Nurdin menjelaskan, sekolah mengaku tak sanggup mengelola dana bantuan keuangan yang diberikan pemkab sebagai program pembebasan biaya pendidikan ini. Pasalnya, dana operasional di sekolah lebih besar daripada jumlah bantuan yang diberikan pemkab. Akhirnya, mereka tetap memungut biaya dari siswa.

“Sekolah ini belum termasuk sekolah gratis biaya, karena masih memungut biaya pendidikan, jadi yang gratis itu baru dirasakan sebagian kecil siswa saja,” kata Nurdin.

Atas kondisi ini, Rahmat Juliadi, Mantan Ketua Komisi C pada periode lalu menyayangkan sikap pemkab yang tidak komitmen terhadap program ini. Akibatnya, program ini gagal dilaksanakan. Sejatinya, program ini menjadi prestasi bagi pemkab Sumedang.

“Pemkab kurang komitmen terhadap program ini, jadinya ya programnya gagal, karena memang hanya segelintir siswa saja yang digratiskan dari biaya pendidikan,” kata Rahmat.

Menurut Rahmat, pada awal diluncurkan program ini, sudah ada dua SMA yang menolak mengikuti program ini. Alasannya, biaya bantuan operasional sekolah yang dihitung per siswa tak mencukupi rencana anggaran biaya yang dimiliki sekolah.

“Ada juga SMK yang tak mengikutinya karena statusnya masih baru sehingga belum bisa menerima dana BOS dari pusat, namun sebagian besar sekolah lainnya bersedia mengikuti,” terang Rahmat.

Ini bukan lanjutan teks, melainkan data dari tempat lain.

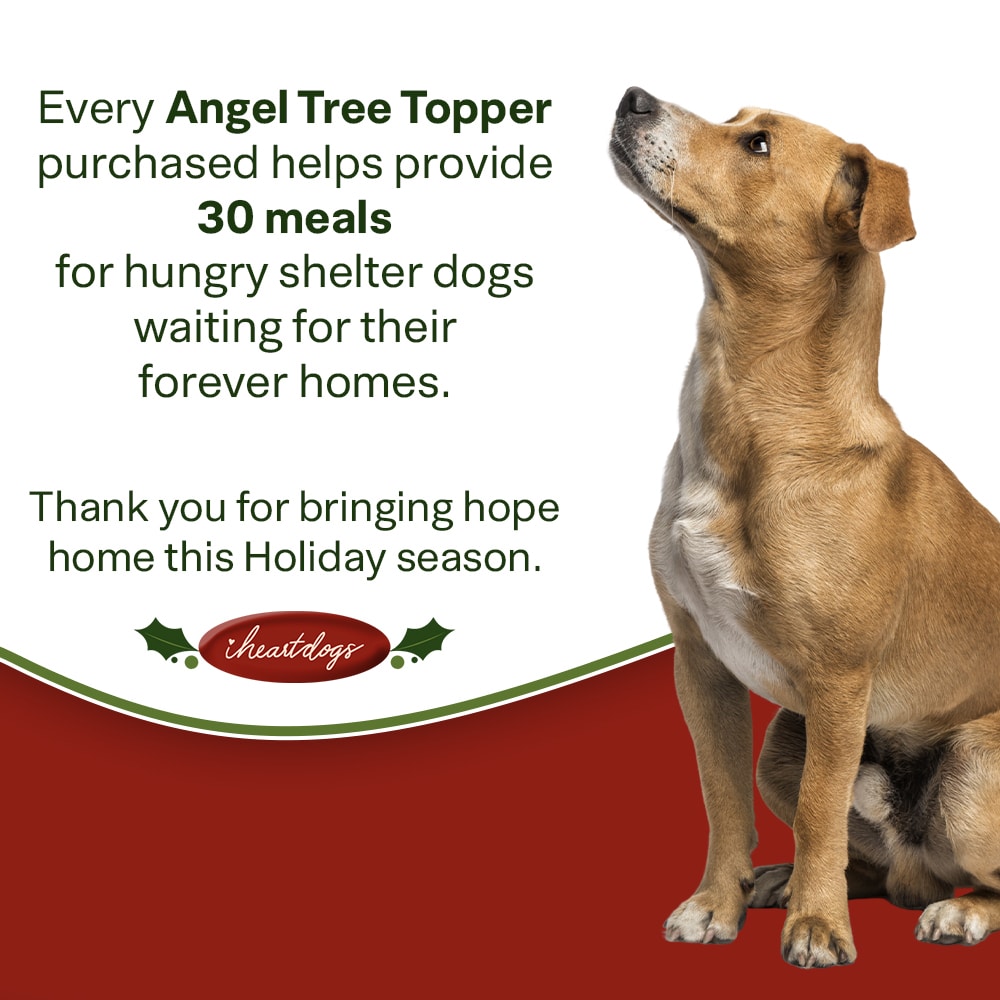 Be an angel to a friend who loves pups! Give your fellow dog lover this beautiful tree topper and help them start a new collection of cute dog Christmas decor. - Gives Back: With every angel tree topper purchased, 30 meals are donated to shelter dogs. Decor that spreads cheer while doing good..

Terhadap sekolah ini, pemkab meminta merancang kembali rencana anggaran sampai bisa mencukupi jumkah dana bantuan atau setidaknya selisihnya tidak terlalu besar, sehingga ketika dilakukan pungutan pun, jumlahnya tak besar.

Pungutan pun harus berdasarkan persetujuan bupati ditambah akan ada audit publik atas dana pungutan tersebut.

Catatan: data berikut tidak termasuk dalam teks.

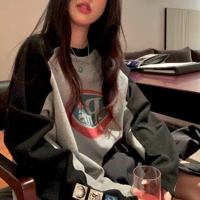 トレーナー 長袖 レディース 韓国 ファッション ロゴ バイカラー プリントロゴ 春秋 ラグラン Tシャツ ロンT

Namun, beberapa bulan program ini berjalan, satu persatu sekolah mengeluh dan mengajukan keberatan. Dana bantuan keuangan tersebut jauh dari mencukupi. Hal ini tak hanya dirasakan sekolah di kota, tapi sekolah di kampung atau pedalaman yang justru mempunyai guru sukwan yang banyak dan harus mendapatkan honor. Honor ini tak akan terbayarkan jika mengandalkan uang dari pemkab.

“Nah, keluhan tersebut sudah terjadi sejak awal 2014, hingga akhirnya kini hanya beberapa sekolah saja yang mendapatkan bantuan keuangan dan bisa disebutkan sudah murni bebas biaya. Jumlah siswanya ya itu tadi hanya segelintir saja,” kata Rahmat yang kini tak lagi menjadi anggota dewan.

Terkait kondisi ini, Bupati Sumedang Ade Irawan mengatakan, program pendidikan gratis bagi SMA sederajat memang membutuhkan partisipasi dari masyarakat. Hal ini sudah termaktub dalam Perbup No 67 Tahun 2013.

“Pendanaan untuk kebijakan pembebasan biaya pendidikan ini bersumber dari APBN, APBD Provinsi, dan APBD Kabupaten serta swadaya masyarakat dan partisipasi sektor swasta serta sumber lain yang tidak mengikat,” kata Ade.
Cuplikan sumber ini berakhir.